Trajectory, distance, speed, and comms delay are computed from NASA's published Artemis II mission plan parameters, not pulled live from NASA telemetry.
Also, the current discrepancy is likely caused by the orbital phase and reference model being used.
Right now the tracker shows about 192,000 km, while NASA's AROW shows about 80,000 miles, which is roughly 129,000 km. So yes, that is off by around 60,000 km. Difference can happen because the spacecraft is in a elliptical orbit and different trackers may be using different assumptions, interpolation methods,... or reference points for the trajectory.
https://artemistracker.com/
https://artemislivetracker.com/
https://www.nasa.gov/missions/artemis-ii/arow/
Aside... so impressed with the UI on the posted version.
False scale gives a direct way to see which body is which and where the craft is between them without having to work it out backwards from the rest of the context (while real scale makes both sides just looks like dots on typical sized screens and you need to know/read the rest before you can figure out which is which otherwise).
Combine that with "the scale of the Earth is already too large to comprehend accurately anyways" and defaulting to real scale doesn't really add as much as one might think to the experience anyways.
I'm not hear to talk down to you about the site, I love this little thing that gives me just enough info to satisfy my curiosity.
I'm not necessarily against people sharing AI generated projects but there almost needs to be an [AI] tag if they do because it's really crashing the excitement of seeing a Show HN post where the assumption is this is something someone has been working hard on and is proud to show it off rather than something they just got out of Claude or whatever after a few prompts.
My take: If you didn't spend at least 24 hours of your own time (i.e. not munging with what the LLM is outputting but dedicated time for your own edits/testing) then it shouldn't qualify as a normal Show HN.
The trajectory depicted has them hitting the moon; it should instead show them passing 2+ lunar diameters behind the moon.
What’s the data source?
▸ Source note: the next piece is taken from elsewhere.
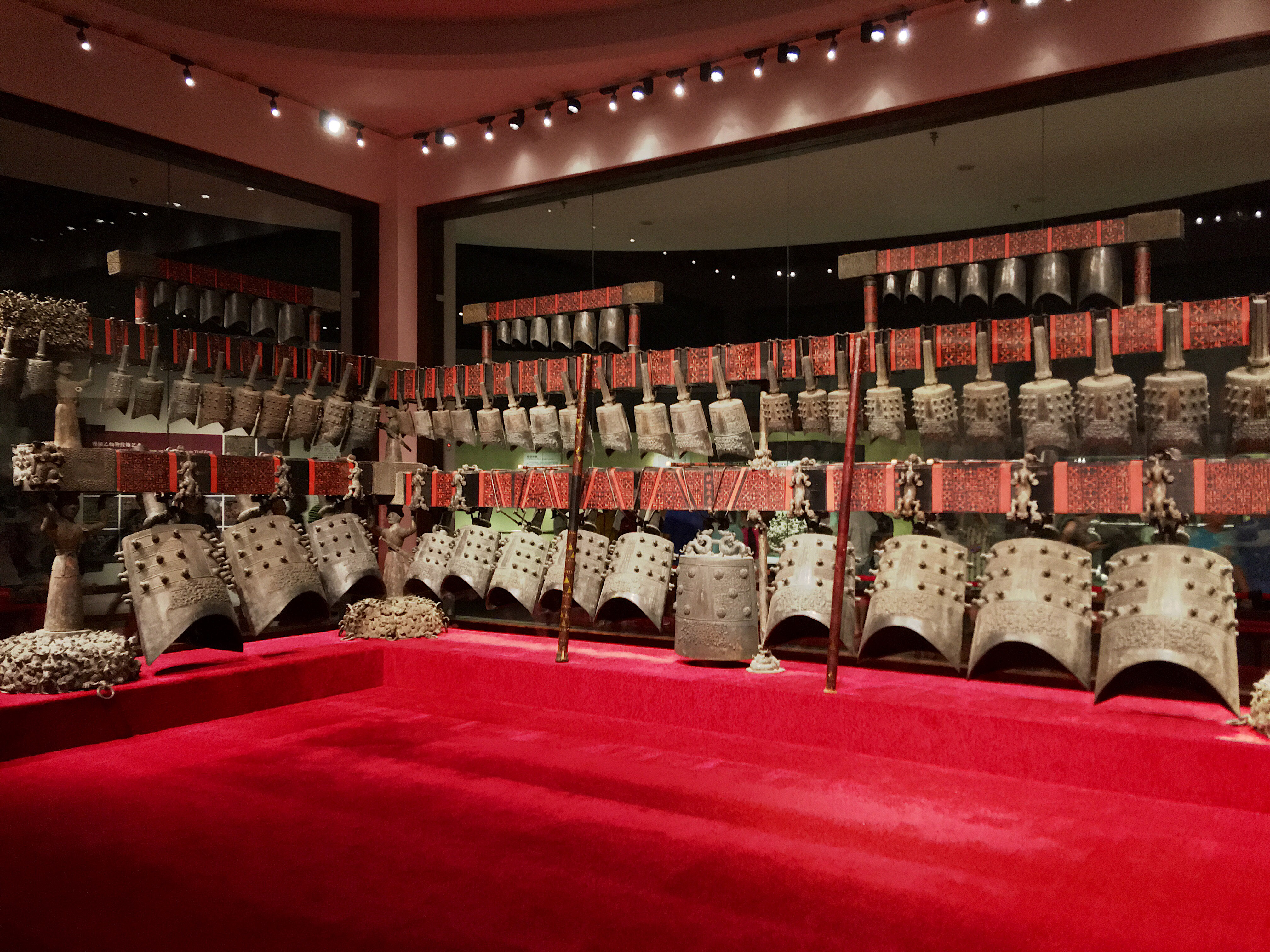 Bianzhong of Marquis Yi of Zeng, shot at the Hubei Provincial Museum.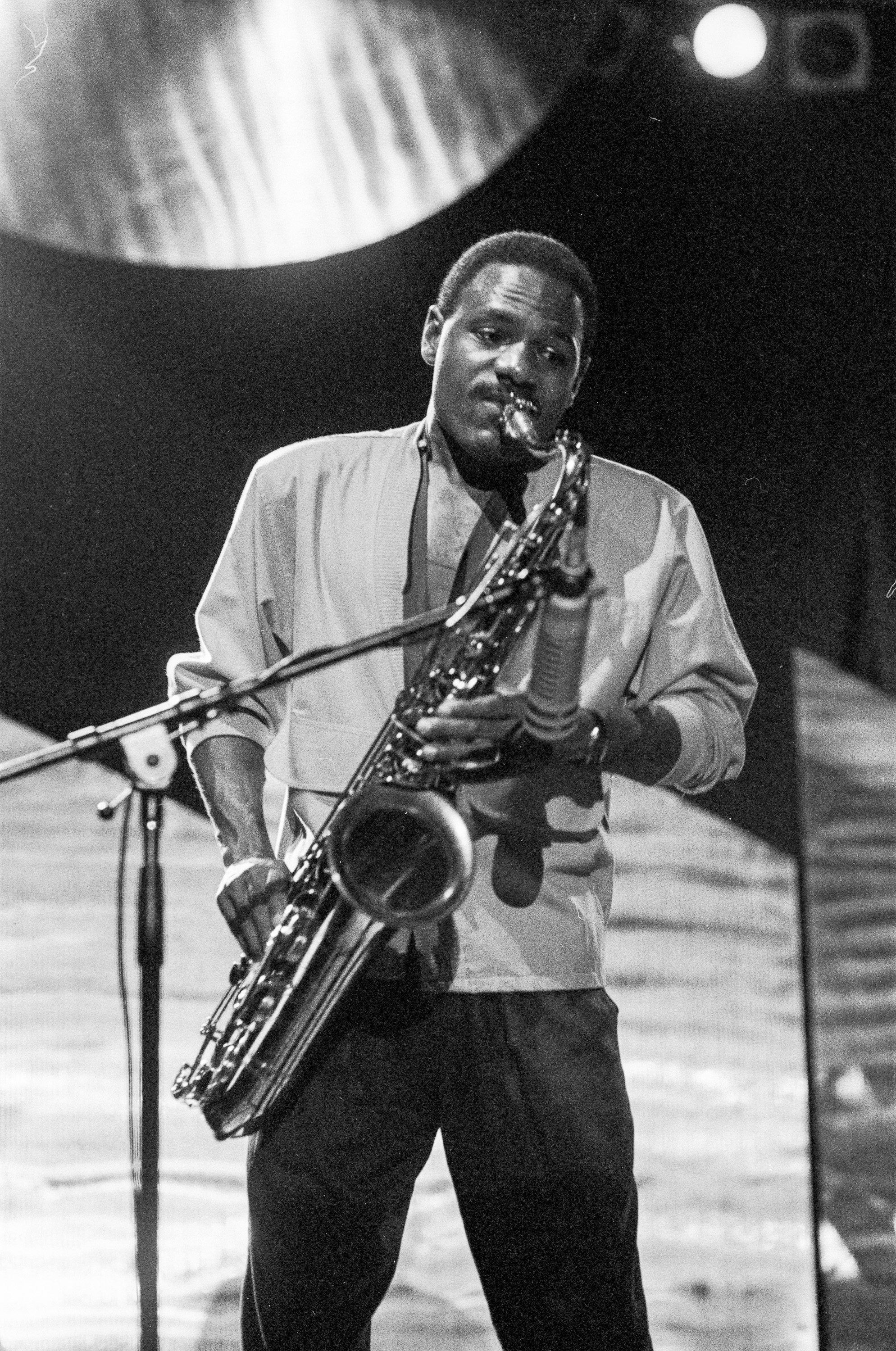 Saxophonist Kirk Whalum performs with Larry Carlton & The Yellow Jackets, Bailey Hall, Cornell University, September 14, 1987.

Assuming NASA being NASA they have a public API for the mission?
BTW, 90% of the comments being about whether this was made with AI or not (and personal opinions on it) is much MUCH worse than it being made with AI. The lack of downvotes for submissions is not an invitation to bring negativity to the comments; if the submission doesn't provide value to you, just move along. Make another post with your opinions on AI and see how many care to read it.